──────── EXERCISE DATA

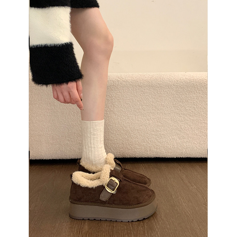 TATAFOCUS~加绒毛毛鞋韩版圆头皮带扣2025冬季新款勃肯鞋女35-28
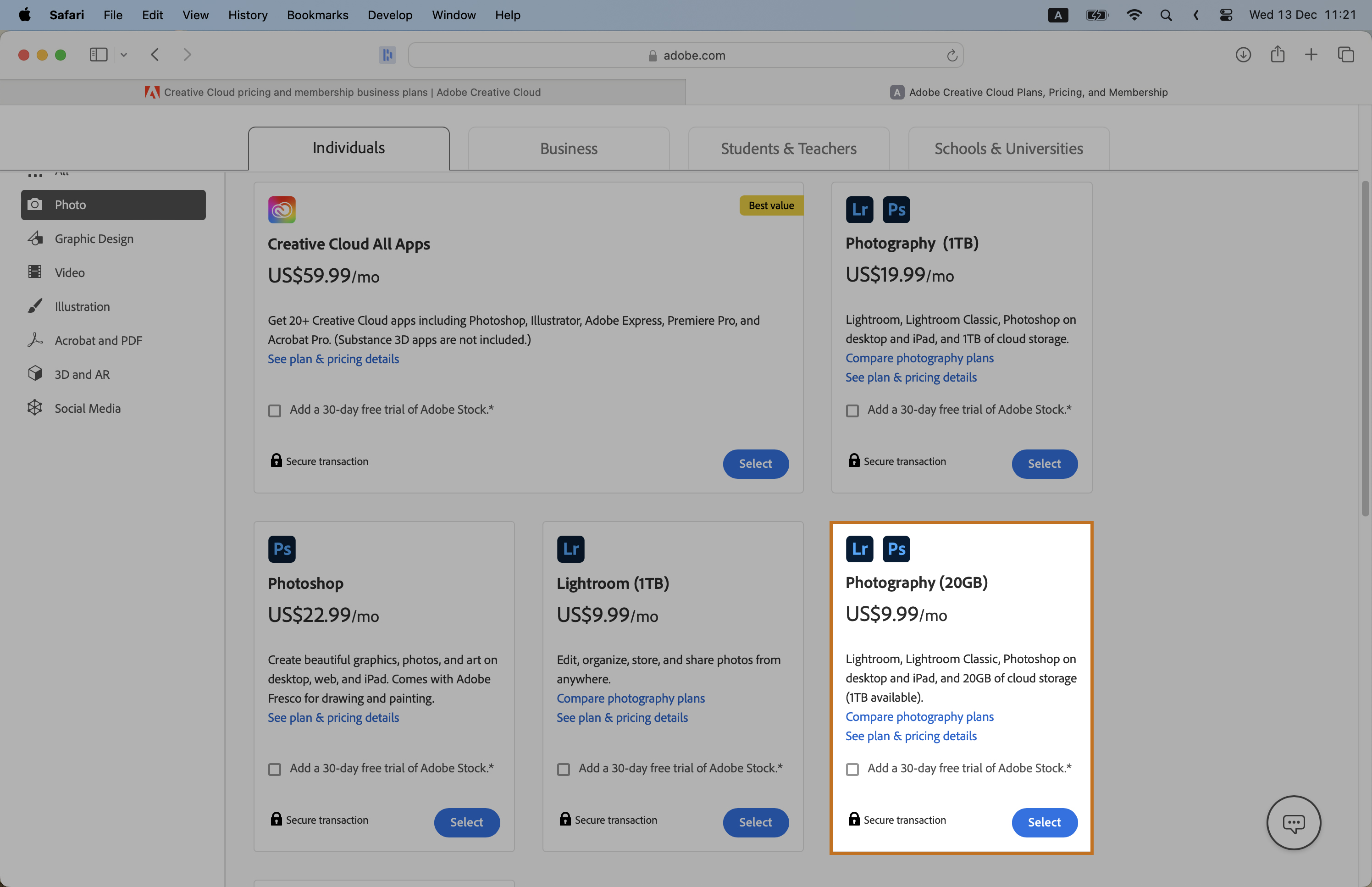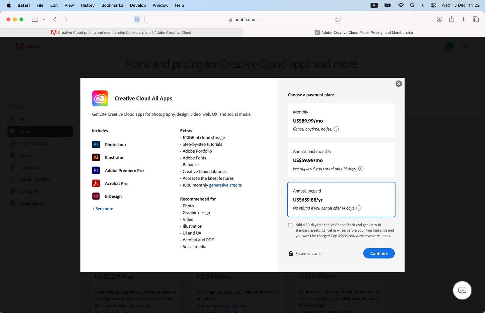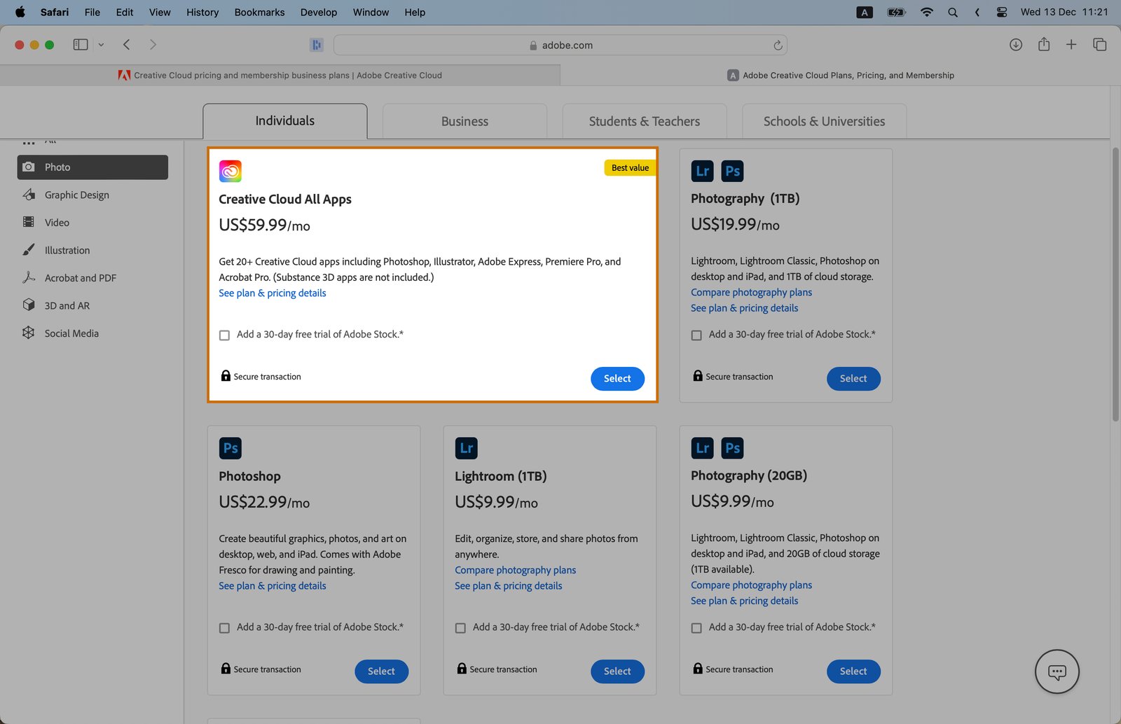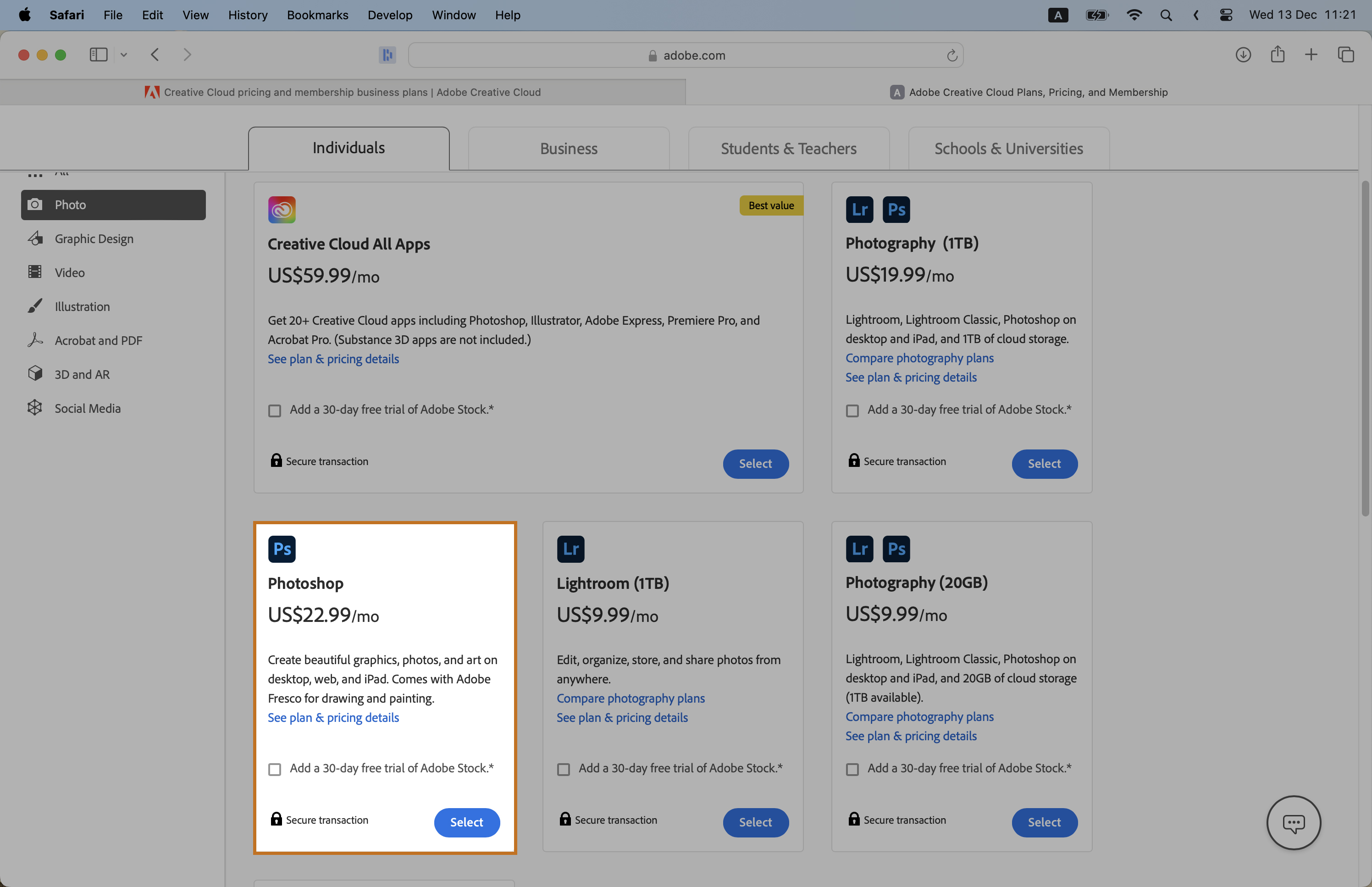 The All Apps Plan gives you access to all Adobe Creative Cloud apps, including Photoshop. Choose this if you need multiple Adobe softwares.
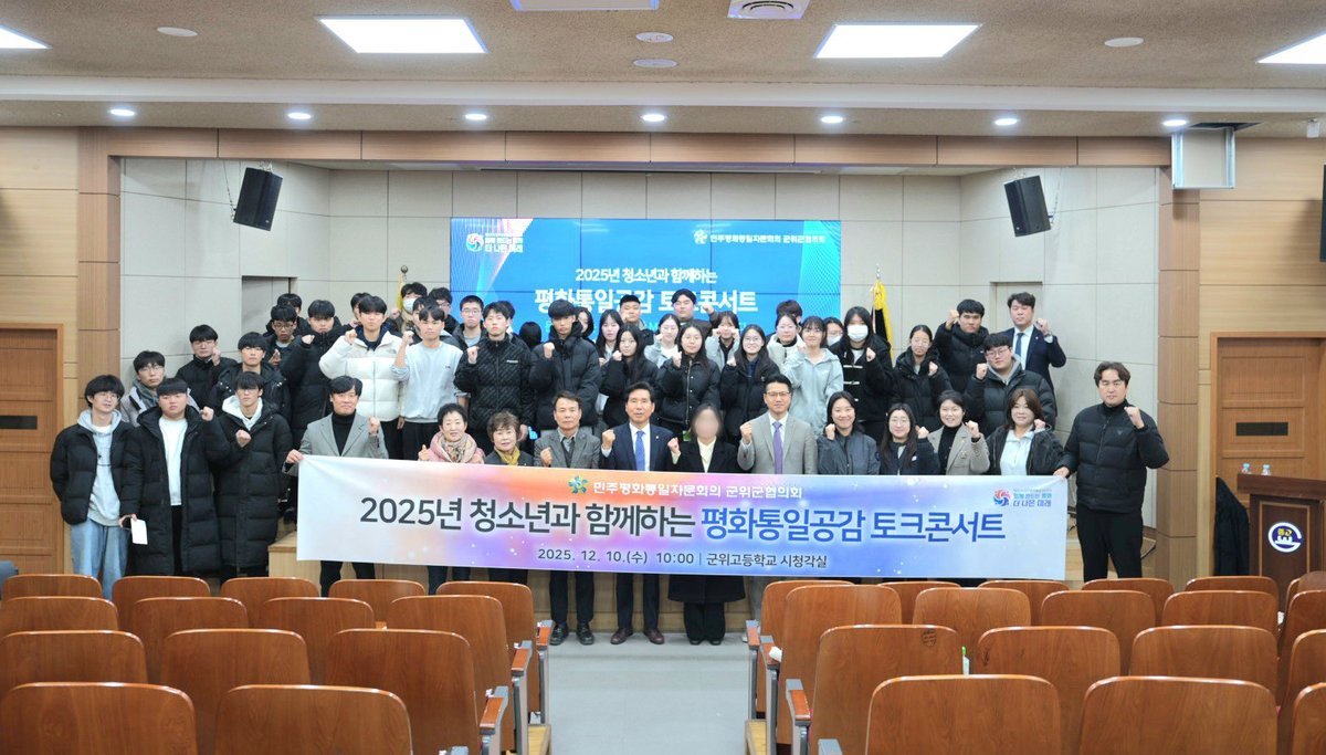 민주평화통일자문회의 군위군협의회가 지난 10일 군위고등학교에서 '청소년과 함께하는 평화통일공감 토크콘서트'를 개최했다.고3 학생들을 대상으로 진행된 이번 행사는 미래세대에게 한반도 평화의 중요성을 알리고 통일에 대한 공감대를 넓히기 위해 마련되었다.강동완 동아대 교수가 '문화로 여는 통일: 북한 MZ 세대의 생각을 듣다'라는 주제로 강연을 진행했다. 탈북 대학생 강경심 씨는 패널로 참여하여 청소년의 시각에서 북한을 이해하고 통일의 필요성과 미래 세대가 준비해야 할 역량에 대해 다양한 의견을 나누었다.학생들은 북한과 남한의 생활 방식 차이, 북한에서 사용되는 언어 등에 대한 이야기를 나누며 높은 관심을 보였다. 자유로운 질의응답 시간에는 북한에 대한 궁금증을 해소하고 구체적인 질문을 쏟아냈다.통일 퀴즈와 '통일 한 줄 생각 짓기' 이벤트도 진행되어 학생들이 평화와 통일의 의미를 쉽고 재미있게 이해할 수 있도록 했다. 신보라 학생은 '통일은 모두가 함께하는 것'이라며 '통일을 하면 남북이 아닌 함께하는 대한민국이 되기 때문'이라고 말했다.전기식 협의회장은 "평화와 통일은 우리 모두가 함께 만들어가야 할 미래"라며 "이번 토크콘서트가 학생들이 평화통일의 필요성을 느끼고 통일의 가치를 스스로 고민하는 계기가 되기를 바란다"고 밝혔다.민주평화통일자문회의는 헌법에 근거한 대통령 직속 통일 자문기구로서, 대한민국의 통일 정책 수립 및 집행에 대한 자문 역할을 수행한다. -

────────────────

→ **PROBLEM**:
The data needs to be reproduced exactly, please, apart from its pictures.

→ **SOLUTION TO THIS EXERCISE**:
 TATAFOCUS~加绒毛毛鞋韩版圆头皮带扣2025冬季新款勃肯鞋女35-28
 The All Apps Plan gives you access to all Adobe Creative Cloud apps, including Photoshop. Choose this if you need multiple Adobe softwares.
 민주평화통일자문회의 군위군협의회가 지난 10일 군위고등학교에서 '청소년과 함께하는 평화통일공감 토크콘서트'를 개최했다.고3 학생들을 대상으로 진행된 이번 행사는 미래세대에게 한반도 평화의 중요성을 알리고 통일에 대한 공감대를 넓히기 위해 마련되었다.강동완 동아대 교수가 '문화로 여는 통일: 북한 MZ 세대의 생각을 듣다'라는 주제로 강연을 진행했다. 탈북 대학생 강경심 씨는 패널로 참여하여 청소년의 시각에서 북한을 이해하고 통일의 필요성과 미래 세대가 준비해야 할 역량에 대해 다양한 의견을 나누었다.학생들은 북한과 남한의 생활 방식 차이, 북한에서 사용되는 언어 등에 대한 이야기를 나누며 높은 관심을 보였다. 자유로운 질의응답 시간에는 북한에 대한 궁금증을 해소하고 구체적인 질문을 쏟아냈다.통일 퀴즈와 '통일 한 줄 생각 짓기' 이벤트도 진행되어 학생들이 평화와 통일의 의미를 쉽고 재미있게 이해할 수 있도록 했다. 신보라 학생은 '통일은 모두가 함께하는 것'이라며 '통일을 하면 남북이 아닌 함께하는 대한민국이 되기 때문'이라고 말했다.전기식 협의회장은 "평화와 통일은 우리 모두가 함께 만들어가야 할 미래"라며 "이번 토크콘서트가 학생들이 평화통일의 필요성을 느끼고 통일의 가치를 스스로 고민하는 계기가 되기를 바란다"고 밝혔다.민주평화통일자문회의는 헌법에 근거한 대통령 직속 통일 자문기구로서, 대한민국의 통일 정책 수립 및 집행에 대한 자문 역할을 수행한다. -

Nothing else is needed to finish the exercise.